В настоящее время в Швеции, Франции и Нидерландах по-разному выстроены акценты в области политики, направленной на обеспечение гендерного равенства в сфере государственного и корпоративного управления. Во Франции ключевую роль в данной области играют механизмы жесткого регулирования. Страна является лидером среди европейских государств в области политики «гендерных квот»: закреплена квота в 50% для государственных органов законодательной власти и 40% в сфере корпоративного управления, что представляет собой наиболее высокие ориентиры в области представленности женщин в органах управления среди всех стран ЕС[11]. Кроме того, в национальном законодательстве страны закреплены требования к компаниям с численностью сотрудников более 50 человек предоставлять отчеты о показателях в области гендерного разрыва в оплате труда[12], что также стимулирует работодателей принимать меры по обеспечению равной оплаты труда для женщин и мужчин.

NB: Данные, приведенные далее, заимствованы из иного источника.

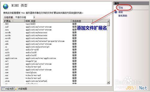 2.“MIME類型”功能用來配置服務器可以當靜態文件的文件類型和與之相關聯的應用程序。文件類型列表按a-z的字母順序排序,點擊“添加”進行新的文件類型rmvb擴展名的添加。
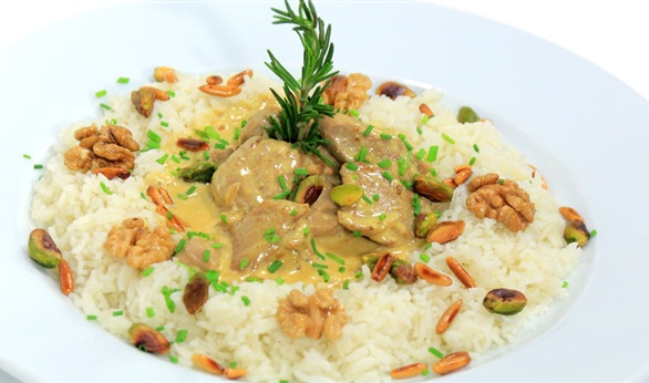 قطعى اللحمة لقطع متوسطة تبلى اللحمة بالملح والفلفل الأسود شوحى اللحمة فى الزيت على النار ( نصف تسوية ) شوحى البصل والثوم المفرومين فى الزيت على النار فى نفس طاسة تشويح اللحمة أضيفى المستردة وبودرة الديمى جلاس والكريمة اللبنانى وقلبى أضيفى لقليل من مرقة اللحمة أضيفى قطع اللحمة وإتركيها فى الصوص حتى النضج ضعيه فى طبق التقديم مع لأرز البسمتى الأبيض وزينيها بعود روزمارى والمكسرات المحمصة فى القليل من الزيت.
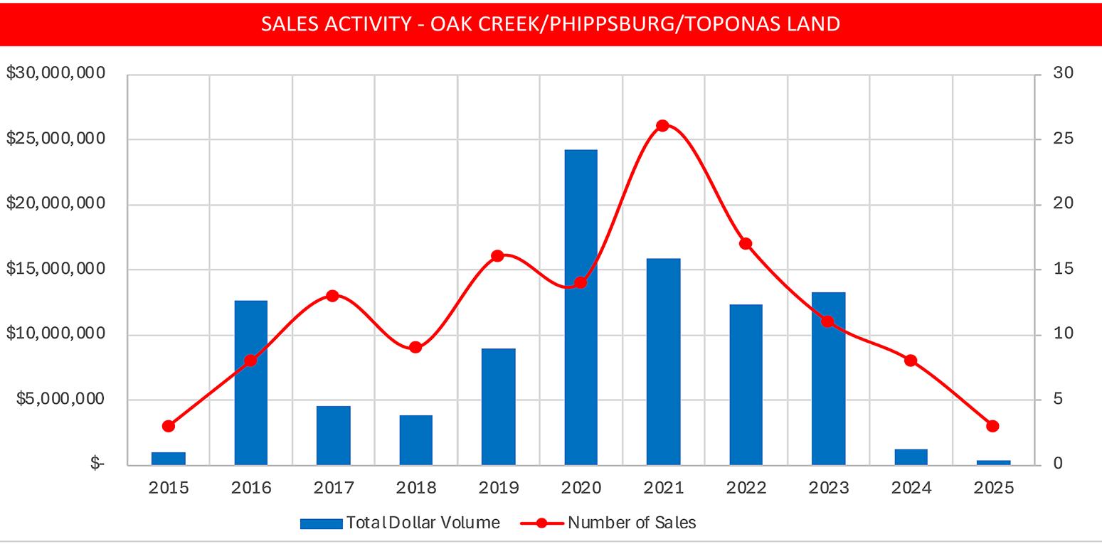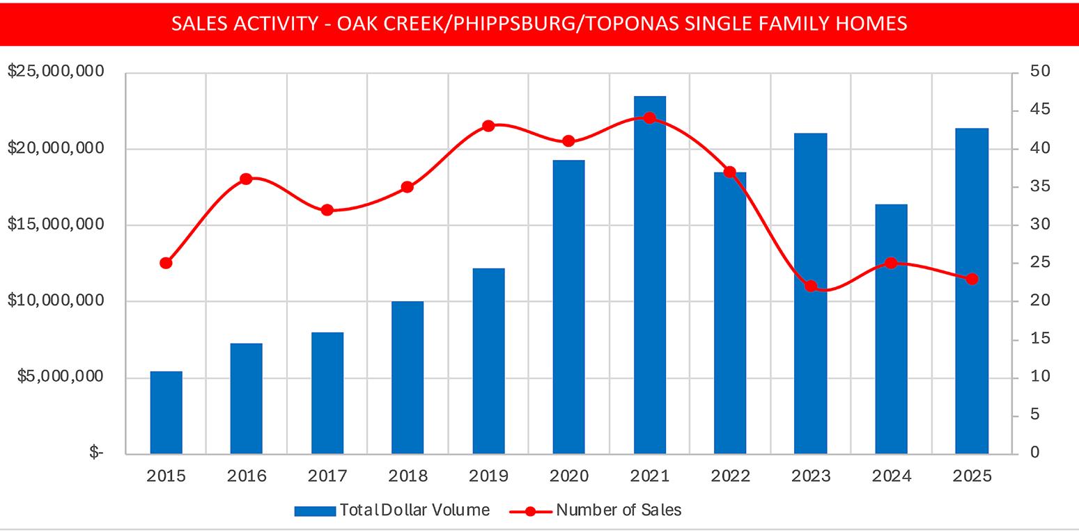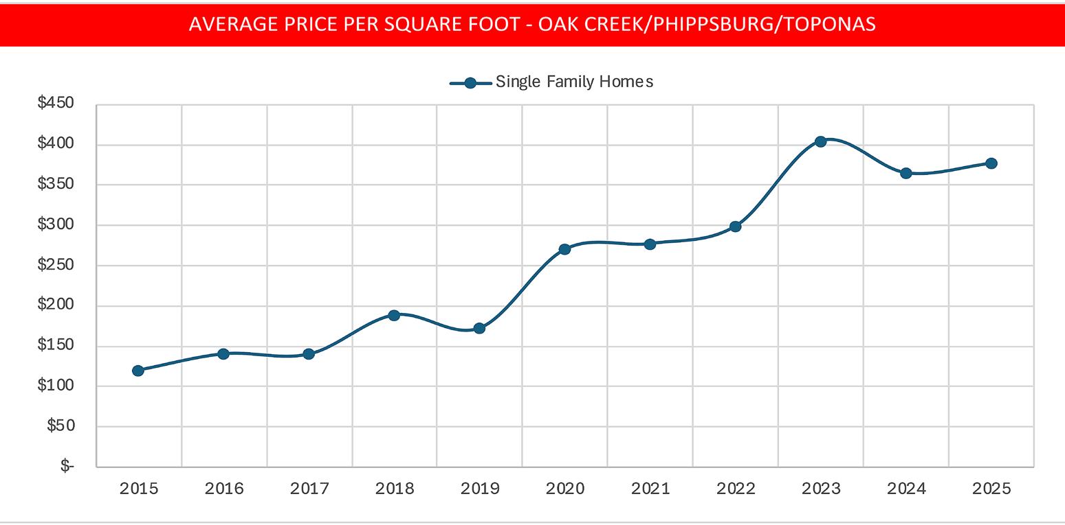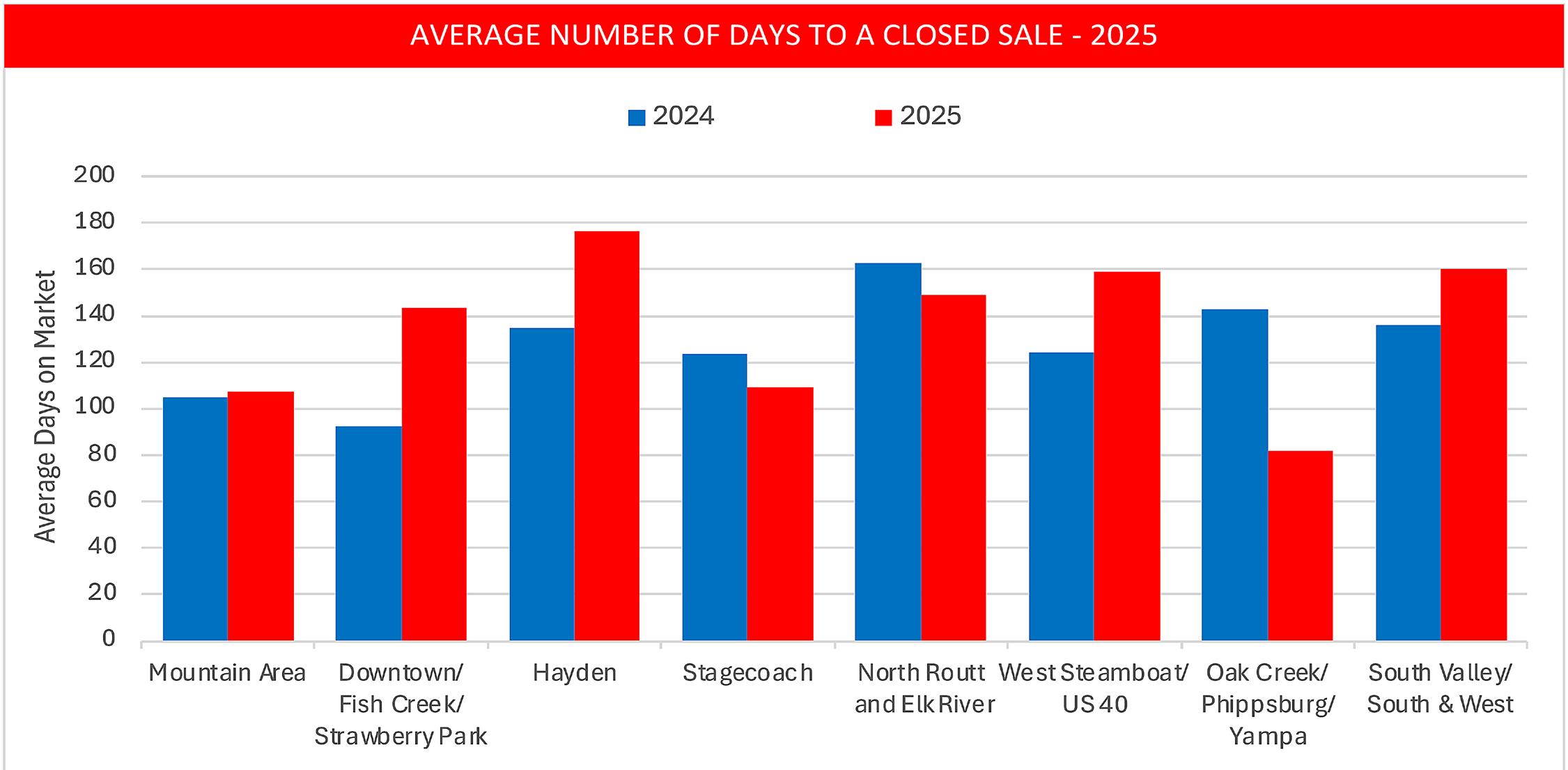 • In 2025, the Oak Creek/Phippsburg/Yampa area held that distinction with an average DOM of 82.

В Швеции, в отличие от Франции, делается акцент на применение инструментов мягкого регулирования. В силу исторически сложившейся консенсусно-ориентированной и кооперативной практики принятия решений, а также глубоко укоренившихся в шведском обществе идей гендерного равенства как части общей концепции эгалитаризма, в стране удается поддерживать высокие показатели участия женщин в органах управления без юридического закрепления гендерных квот[13].

Нидерланды традиционно придерживаются смешанного типа политики в данной сфере, сочетая мягкие и жесткие инструменты регулирования. В последние десятилетия стране стабильно удается демонстрировать высокие показатели участия женщин в управлении без введения юридически закрепленных гендерных квот[14], что преимущественно достигается благодаря сложившимся традициям консенсусной демократии в трудовой сфере. Однако в январе 2022 г. была принята поправка к Гражданскому кодексу, закрепляющая целевой показатель, согласно которому женщины должны составлять не менее 33% от общего числа членов наблюдательных советов крупнейших компаний[15], что также должно содействовать повышению показателей гендерного равенства.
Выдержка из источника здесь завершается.